I form my opinions of government agencies from direct contact with them. I have never had contact with ASIO for instance, so my opinion of them is neutral. I don't think about them as being good or useless, because I've never dealt with them. They're like a restaurant - a critic might write a good or bad review about a place, but in the end, the thing that counts is what the experience was like for you. A good review of a bad restaurant is unlikely to encourage you to tell your friends that the place is great. If they ask what it was like, you won't read a review to them from the newspaper - you'll tell them how you were treated.

Which is why I personally think most public hospitals are crap 90% of the time, and that our state schools are in dire straights. I've had direct experience of both as a customer. The Teacher's union wants us to believe that state schools are great. I don't know what planet the teachers are on, but it's not Earth. Putting up warm and fuzzy signs on the fences of state schools with statements like "Public education - growing our community" does nothing to counter the many bad experiences that I have had dealing with teachers as a parent. Do they really think that a slick marketing campaign will change my mind about their useless behaviour?

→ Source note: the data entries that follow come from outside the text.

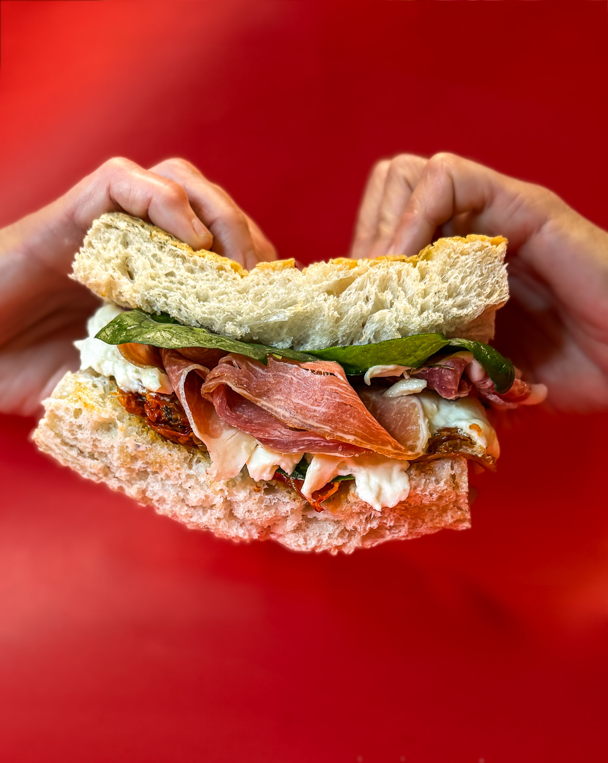 Focaccia de jamón crudo y burrata con hojas frescas de espinaca fresca, tomates secos en aceite de albahaca con papas rústicas, pesto de rúcula y alioli de limón y mostaza antigua
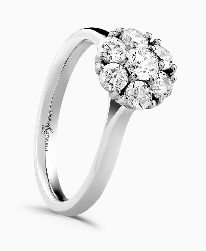 Handcrafted by Brown & Newirth; a delicate elevated cluster setting of round brilliant cut diamonds, presented here on a classic court band. 1.15ct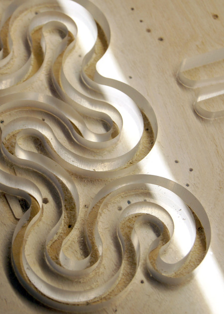 The trellis is cut from a single sheet of transparent acrylic on a milling machine.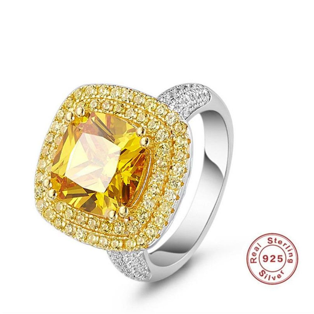 2018 Classic Extravagant S925 Argent Anneau Impregne Femmes Gros Diamant Jaune Princesse Forme Fine Bijoux Anneaux Y1892705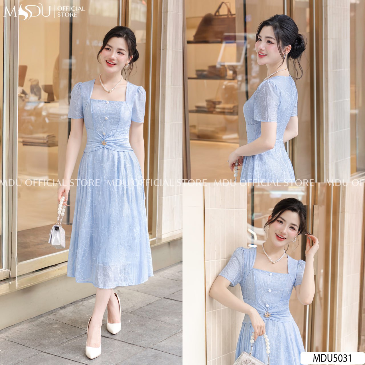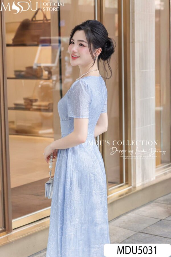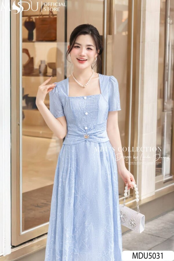 The MDU5031 dress is a delightful midi-length piece that features a beautiful light blue shade. The dress is adorned with a delicate floral detail at the shoulder, adding a feminine touch to its sophisticated design. With a flattering square neckline, puffed short sleeves, and a flattering waistline, this dress offers both elegance and comfort. The skirt flares gracefully, creating a timeless silhouette that is perfect for formal events or chic outings.
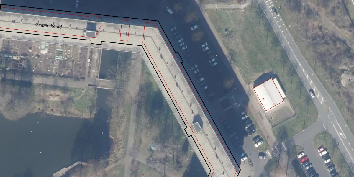 Het perceel waarop Geldershoofd 833 staat heeft een oppervlakte van 5300 m². Dit is een zeer groot perceel. De perceeloppervlakte wordt geregistreerd door het Kadaster. Gedetailleerde informatie over de maten van dit perceel kunt u vinden in het rapport Kadastrale kaart met maatvoering van Geldershoofd 833.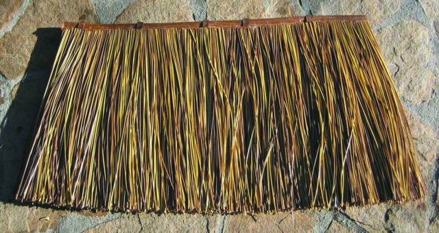 Roseau mixte : paille pleine sur le dessous et fibres synthétiques imitant le roseau naturel sur le dessus. La tuile dure entre 12 et 15 ans et ne grise pas.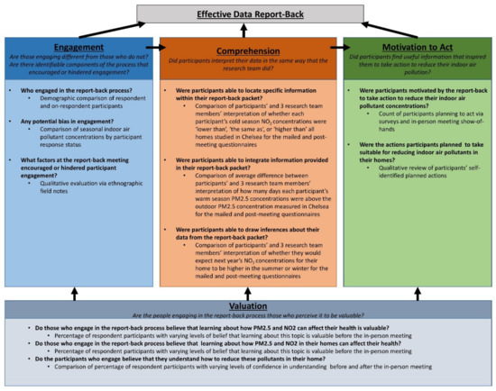 We implemented a concurrent triangulation mixed-methods evaluation of an air pollution data report-back to study participants in Chelsea, Massachusetts. We aimed to determine whether the report-back was effective in the following three ways: engagement, understandability, and actionability for the participants. We also evaluated participants’ valuation of the report-back information and process. The evaluation involved both qualitative components, such as ethnographic observation, and quantitative components, such as closed-ended questionnaires and demographic data. The participants who engaged in the report-back process were significantly different from those who did not engage both in terms of their demographics, and in their indoor air pollutant concentrations. Participant understanding generally corresponded with the intended meaning of the research team, suggesting successful data communication. Additionally, many of the participants reported that they were inspired to take action in order to reduce their indoor air pollutant exposure as a result of the report-back process and information provided. These results identify areas of improvement for engagement, particularly regarding populations that may have higher exposures. This work outlines a framework with which to contextualize and evaluate the success of engagement with report-back efforts. Such evaluations can allow research teams to assess whether they are providing information that is equitably useful and actionable for all participants.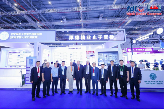 大会特设院校创新成果展区,口腔医院携36项涵盖智能化诊疗系统、新型生物材料及实用医疗器械等创新成果重磅亮相,充分展示beat365口腔医学的最新成果。其中自主式口腔种植手术机器人凭借精准化、智能化技术突破成为展区焦点,吸引千余名国际参会代表主动咨询合作细节。期间,FDI主席Dr.Greg Chadwick及中华口腔医学会郭传瑸会长,对展区成果给予关注与肯定,进一步提升beat365口腔医学创新品牌的国际认可度与行业影响力。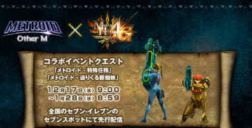 Capcom将与任天堂进行联动合作,银河战士萨姆斯将参战《怪物猎人4G》。在官方联动宣传片中,玩家可以使用主角萨姆斯铠甲和人型两套装备,并且有银河战士外形的各类武器可供使用,例如重弩,操虫棍,双刀等。《怪物猎人4G》银河战士任务预计12月17日在日本711便利店先行配信。
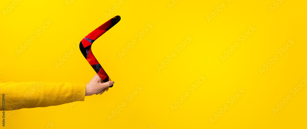 Obraz na plátně boomerang in female hand over yellow background, panoramic mock-up with space fo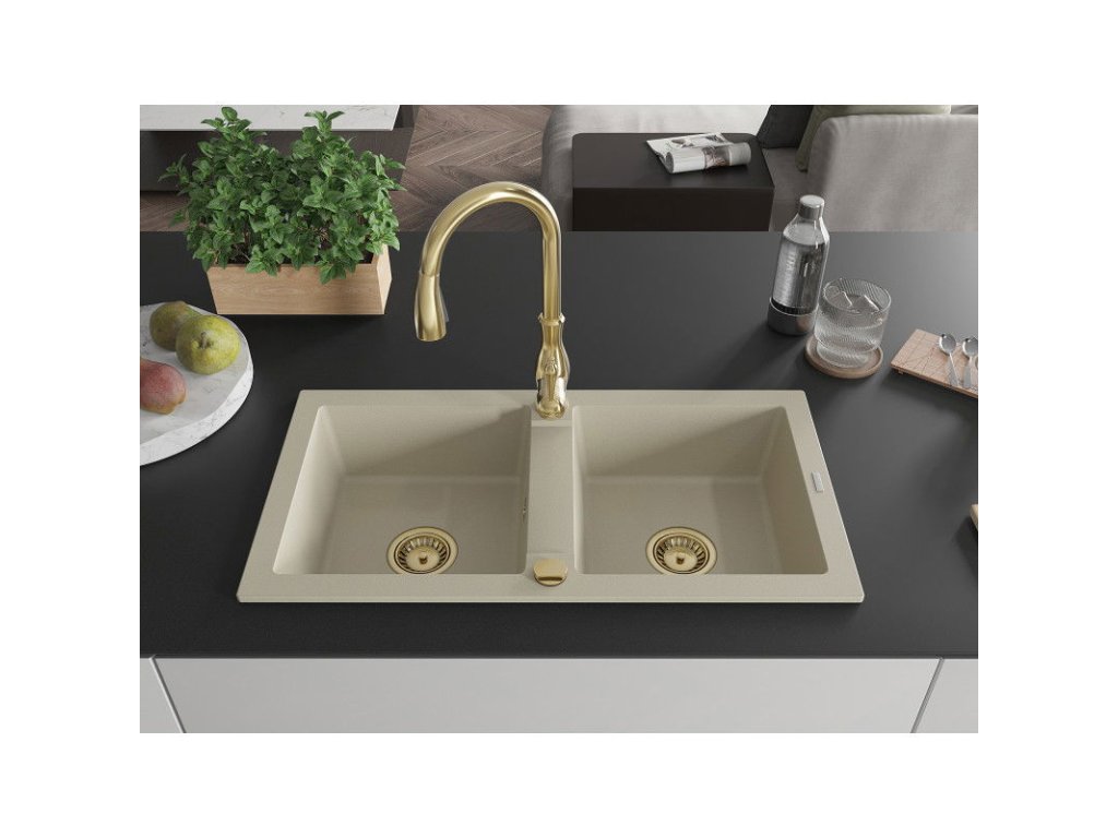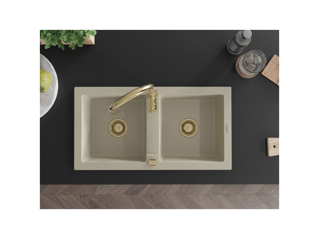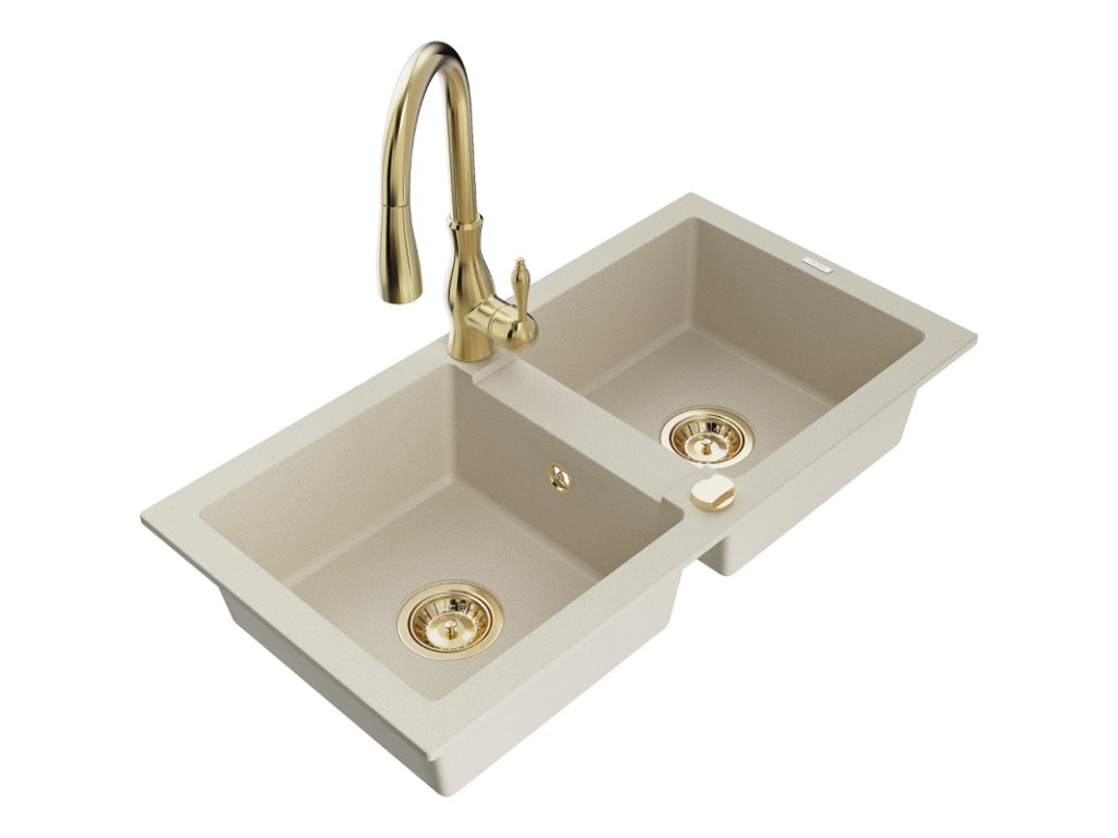 Granitový drez Mexen Mario s 2 miskami a kuchynskou batériou Savita, béžový - 6504-69-672601-50

But I should stick to the topic, which is moral panic.

Moral panic is good for business - if you happen to work in the area of selling advertising. The media is very good at manufacturing moral panic, and it wouldn't surprise me to find that it is now a major topic at editorial conferences each week. If advertising sales are flagging, the best way to boost them is to scare the government into throwing money at a problem.

Next time you see any sort of government sponsored ad on a billboard or on radio or on TV, just consider this - it's only there because a Minister crapped their pants, and the campaign is only designed to cover up the smell of poo in their undies.

2 comments:

Unknown said...

dear friend,
let me know what you think of my advertising blog http://the-advertising-blog.blogspot.com

-chirag

Anonymous said...

"Machines that go ping" - just love that description.